I giovani, lo studio e il lavoro. Perché l'Europa ha i tassi di disoccupazione tra i più elevati nel mondo? MacKinsey diffonde la relazione "Studio ergo Lavoro", all'interno del progetto internazionale "Education to Employment".
L'Unione Europea presenta oggi il tasso di disoccupazione giovanile più elevato rispetto a qualsiasi altra area del mondo (escludendo Nord Africa e Medio Oriente): nel 2013, circa un quarto dei giovani europei non più studenti non aveva un posto di lavoro.
In Italia, in particolare, ci troviamo di fronte a una vera e propria emergenza occupazionale: oltre un giovane su quattro sotto i 30 anni è disoccupato (la percentuale supera il 40% per i giovani sotto i 25 anni).
Come in molti altri paesi del mondo, però, in Italia a fronte di alti livelli di disoccupazione giovanile, vi è una seria difficoltà da parte delle imprese a rintracciare competenze e conoscenze adatte.
La crescita economica è, dunque, una condizione necessaria, ma non è sufficiente per migliorare l'occupazione giovanile.
Oggi, la transazione scuola-lavoro è ostacolata principalmente da tre fattori:
1. scarsità di profili e professionalità in alcuni ambiti e settori;
2. competenze non adeguate ai bisogni e alle necessità del sistema produttivo;
3. inadeguatezza dei canali di supporto alla ricerca del lavoro.
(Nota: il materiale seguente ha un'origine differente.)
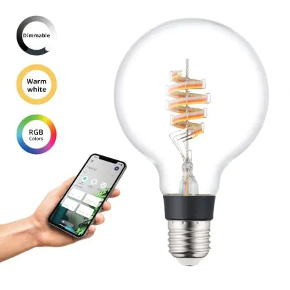 Die Eglo Connect.Z Smart LED Globe E27 Fadenlampe Klar 4.9W 400lm - 830 Warmweiß + RGB | Dimmbar - Ersatz Für 40W ist eine effiziente E27 LED-Lampe mit Retrodesign und der perfekte Ersatz für Ihre konventionellen 40W Lampen mit E27. Zudem strahlt sie Licht in der Farbtemperatur 3000K - Warmweiß + RGB aus und punktet durch eine lange Lebensdauer.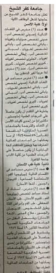 تعلن جامعة كفر الشيخ عن وظائف جديدة لأعضاء هيئة التدريس "من حملة الماجستير والدكتوراه "في مختلف كلياتها علما بأن أخر موعد للتقديم 19 ديسمبر وفقا لنص الاعلان :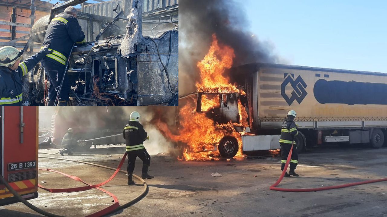 Eskişehir’de 3 tırın ortasında bulunan bir tırda çıkan ve kısa sürede 2 tıra daha sıçrayan yangın itfaiye ekiplerinin müdahalesiyle kontrol altına alındı.

Dal 2007 al 2013 il tasso di disoccupazione giovanile in Italia è praticamente raddoppiato, passando dal 15% al 28%, con punte di oltre il 40% nella fascia fino ai 24 anni, senza distinzioni di area territoriale.
Ma, come anticipato, l'alto tasso di disoccupazione giovanile non è dovuto soltanto a elementi economici, quanto anche a elementi di tipo strutturale: carenza di preparazione nelle competenze richieste dalle imprese, tendenza a entrare tardi nel mercato del lavoro, scarsa mobilità geografica, inefficienza dei meccanismi di collocamento dei giovani sul mercato del lavoro, scarsa considerazione sociale nei confronti delle professioni ad alto tasso di manualità sono alcune delle cause del fenomeno, tutte risalenti almeno all'inizio degli anni '90, se si considera il fatto che tale indicatore per l'Italia è rimasto pressoché inalterato negli ultimi vent'anni, indipendentemente dal ciclo economico.
Quello che ci si auspica è, quindi, che vengano attuati interventi di tipo strutturale: la ripresa dell'economia, seppur determinante, da sola non consentirà di evitare il rischio di una "generazione perduta".